Said Ariel: “It's the Galaxy. They're all about winning, and that's all I'm about.”
He's also been in a tug-of-war of sorts between the US and Costa Rican under-23 national teams, playing for both this year ahead of qualifying for the 2016 Rio de Janeiro Olympics. He's made no decision about his senior career, but for the time being he's a Tico.
“It's going [to the country] who wants you the most,” Roy said. “And the US is great, but when you have Paulo Wanchope, the coach of [Costa Rica's] senior national team, saying that Ariel is going to be Costa Rica's next star, you kind of wonder. You go, 'Wow.' You’re talking Paulo Wanchope – he's the most decorated Costa Rican player, and he's the head coach, and head coach of the U-23s, as well.”

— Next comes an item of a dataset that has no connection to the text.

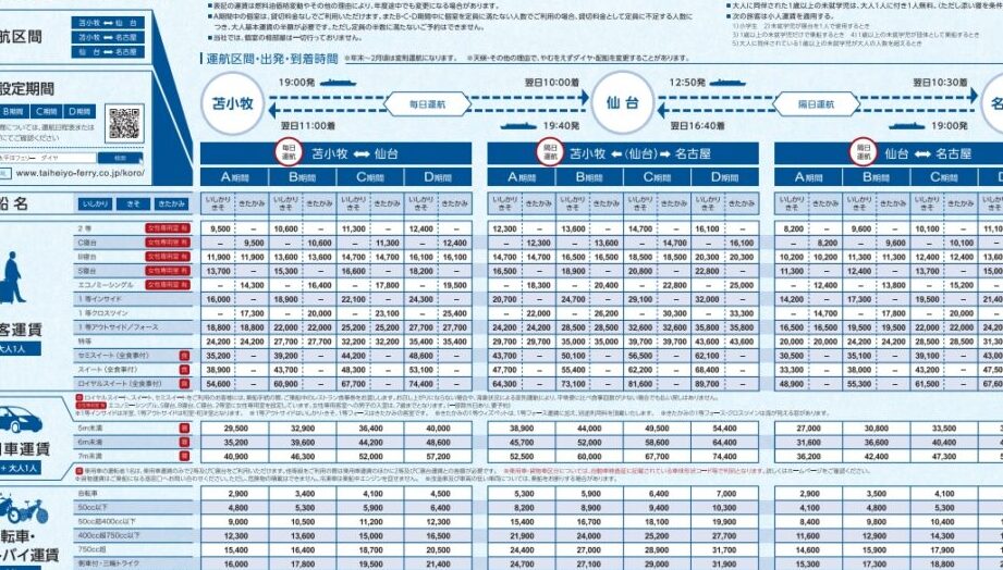 仙台から苫小牧までのフェリー料金は季節や予約状況によって変動しますが事前に情報を把握することで計画がスムーズに進みます。大人料金は8,000円から15,000円程度で子供料金はその半額です。車両運搬料金も車のサイズによって異なるため注意が必要です。

Ariel says that Costa Rica is “where I was born, so that's my country.”
“It's just making the right decision on where I can grow, what's the best thing for me as a soccer player,” he added. “I don't think I fully have come to a decision yet, but right now I am with the Costa Rica national team, and they're looking to keep me involved in their plans.”
Ultimately, Ariel wants to follow in his father's footsteps.
“I have a high standard to live up to,” he said. “If people say something about me, it's 'son of Roy Lassiter.' I have a big name, but, hopefully, I can reach the levels that he was at. If I can get anywhere close to the level that he was at, I think I'd be a pretty good player.”